Ничто не воскресит алавердобу: ни приехавшие из Тбилиси и успевшие загореть в дороге экскурсанты, ни профессора, одетые по-дорожному, с уважением и едва заметной усмешкой наблюдавшие догорание праздника. На день оторвались они от научных трудов в надежде приобщиться к экзотике.
На темном фоне горцев, завернувшихся в меховые тулупы, еще ярче выглядят парни и девушки с облупившимися от загара носами. Они только что прибыли на грузовой машине. На груди у каждого значок туриста.
Приезжие прозорливо и горько чувствуют, что ничто не связывает их со встречающимися людьми. Вся эта пьяная публика представляется им частью черных рубашек, пузырящегося лимонада, подпруг, привезенных сюда на продажу в таком изобилии, что покупатели уже сыты ими по горло. Со своей стороны «аборигены» уделяют приехавшим не больше внимания, чем красным петушкам на палочках: ни один не оглянется на новеньких.
Всем верховодит бесцельная, разнузданная страсть, которая подчеркивается — как основная деталь режиссерского замысла — двумя знакомыми нам обливающимися потом танцорами, покинутыми музыкантами и зрителями. Смотрит на них герой нашего рассказа, и какой-то ком застревает в горле. Затем ли приехал он сюда, чтобы увидеть эту бессмысленную кутерьму и пьяный угар?.. Где красота грузинского танца, мужественные схватки борцов, джигитовка? Задумавшись, стоит он. Хочется ему совершить что-то такое, что расшевелит этот народ. Он тихо, беззвучно похлопывает ладонями в такт танцующим, потом перестает, улыбается, опускает голову: никому не нужна его затея.
Долго стоит на солнцепеке юноша с непокрытой головой. Перед ним по-прежнему носятся в сумасшедшем танце двое. Это уже бессмысленный бег и прыжки, юноша слышит их вопли, и досада сжимает сердце.
Внезапно откуда-то доносится что-то бодрое, жизнерадостное. Он трезвеет, улыбается удивительному зрелищу, развернувшемуся перед глазами.

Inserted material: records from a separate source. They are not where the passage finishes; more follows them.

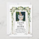 Elegant bröllop Canopy Watercolor Grönt White Blommigt Bröllop Förlovning Announcement Save Datakortet innehåller vackra vit ros och vita peonier. Träets kanopy-båge i bröllop omfattar botaniskt grönt. Lägg till par foto.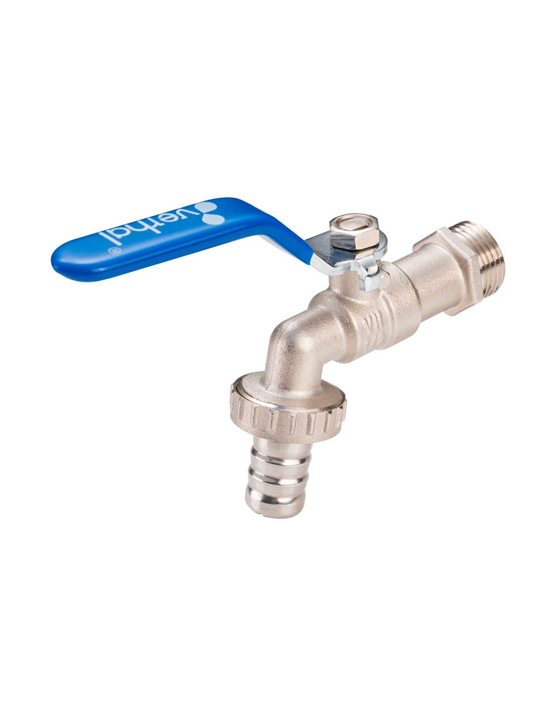 Grifo esfera, racor manguera, 1/2" x 3/4" presión nominal 16 bar, temperatura máxima 75°c, juntas nbr, asiento teflón, entrada rosca gas, cierre 1/4 vuelta, cuerpo latón niquelado, maneta: acero cromado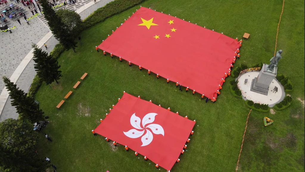 一支20米x30米的巨型國旗及一支10米×15米的巨型特區區旗於中西區中山紀念公園草坪成功展出。主禮嘉賓中西區民政事務處高級聯絡主任劉宇恆致辭時提到,今次是中西區首次展示巨型國旗及區旗。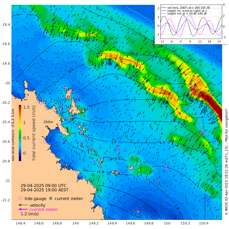 34cm/s 169T +10cm/s rms + 2cm/s 5T. Brampton I 18m 36cm/s 178T +9cm/s rms + 6cm/s 66T. Wigton I 38m 30cm/s -148T +7cm/s rms + 8cm/s 141T. Tern I 47m 58cm/s -157T +7cm/s rms + 12cm/s 54T. N Bugatti Rf 64m 63cm/s -144T +3cm/s rms + 13cm/s 178T. W Bugatti Rf 70m 29cm/s -150T +3cm/s rms + 3cm/s -130T. Creal Rf 69m -45cm Holbourne I -150cm Tern I -53cm Bugatti Rf -94cm Creal Rf -23cm White Tip I -34cm Wallaby Reef -20cm Kennedy Reef -3cm Unnamed Reef No. 2 -81cm Tideway Reef -65cm Hayman Island -106cm Square Reef -76cm Double Bay -107cm Molle Island -103cm Cid Harbour -76cm Hook Island -96cm Border Island -111cm Haslewood Island -103cm Shute Harbour -139cm Thomas Island -129cm Credlin Reef -163cm East Repulse Island -158cm Blacksmith Island -178cm Laguna Quays -160cm Carlisle Island (Off) -178cm St. Bees Island -161cm Scawfell Island -160cm Penrith Island -196cm Mackay Outer Harbour -205cm Hay Point -187cm Prudhoe Island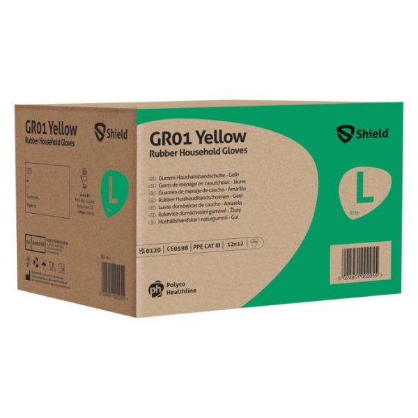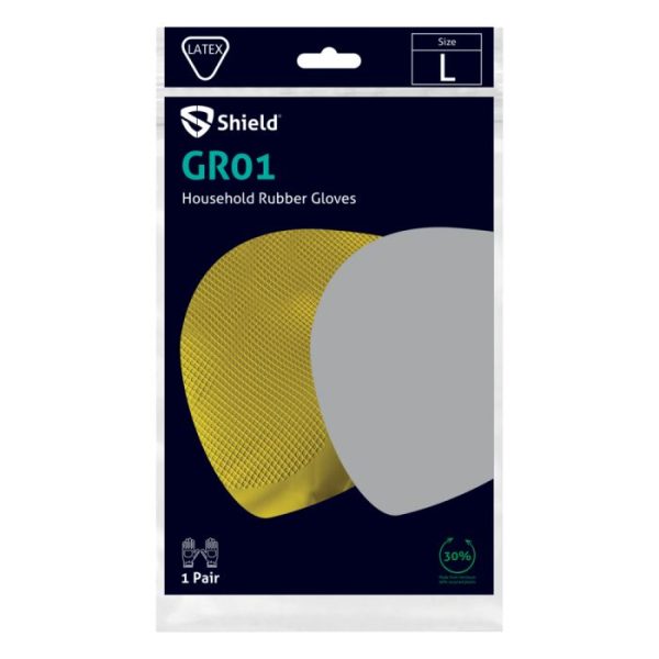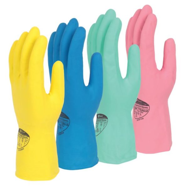 GR01 is a CAT III rubber household glove, available in 4 colours to allow for use in colour coded areas & tasks commonly found in the food sector. Offering great resistance to chemicals, Shield GR01 is soft and comfortable, for all day use.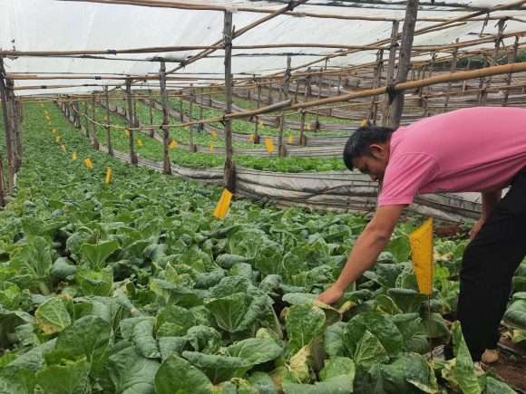 นายศักดิ์สิทธิ์ ศรีวิชัย เกษตรจังหวัดน่าน มอบหมายให้นายสุนทร วันหมื่น นักวิชาการส่งเสริมการเกษตรชำนาญการ และนางสาวบุณยวีร์ ชาวแพะ นักวิชาการส่งเสริมการเกษตรปฏิบัติการ กลุ่มอารักขาพืช สำนักงานเกษตรจังหวัดน่าน ลงพื้นที่ติดตามการดำเนินโครงการส่งเสริมการใช้สารชีวภัณฑ์และแมลงศัตรูธรรมชาติทดแทนสารเคมีทางการเกษตร ประจำปีงบประมาณ พ.ศ. 2566 โดยเกษตรกรได้นำวิธีการจัดการศัตรูพืชแบบผสมผสานไปใช้ในพื้นที่ ณ แปลงใหญ่ผักเมืองหนาวบ้านปางแก ตำบลทุ่งช้าง อำเภอทุ่งช้าง จังหวัดน่าน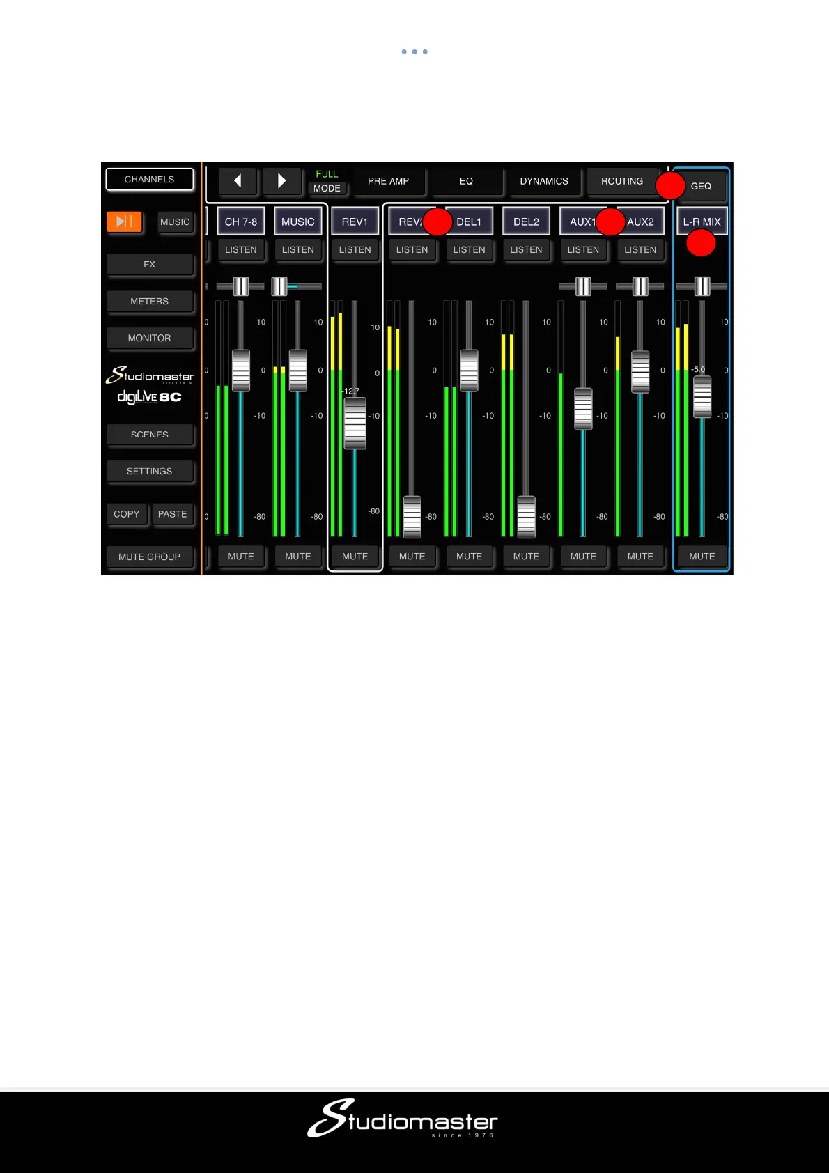 button above the L-R Mix fader (GEQ button turns yellow and GEQ Page opens).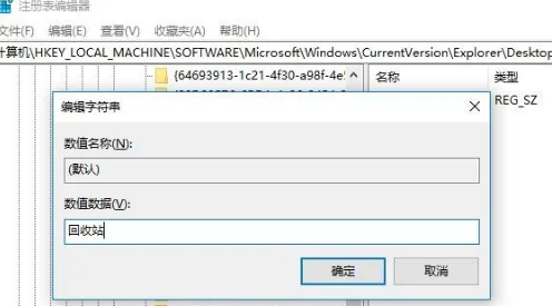 6.彈出編輯字符串窗口,數(shù)值數(shù)據(jù)修改為回收站,點(diǎn)擊確定。重啟電腦即可。
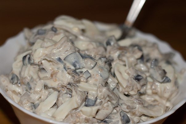 Детки мои баклажаны вообще не любят, а этот салат уплетали за обе щеки и даже не поняли что там баклажаны, доченька сказала что салатик с грибочками ))))

На пыльной дороге сошлись в круг туристы, бьют в ладоши, поют плясовую. Две девушки увлеченно кружатся в середине хоровода. Смеются, радуются от всей души. Спешит на подмогу к танцующим только что приехавший кахетинец, бьет в ладоши, подбадривает. Круг ширится, кто-то приводит барабанщика и гармониста.
Ликует наш герой: начинается настоящий праздник, теперь прекратится, сгинет никчемная кутерьма, и выражение тупой усталости сойдет с хмельных физиономий. Светлеют пасмурные лица, будто приехавшие издалека гости вдохнули смысл в это чудовищное сборище вокруг Алаверди.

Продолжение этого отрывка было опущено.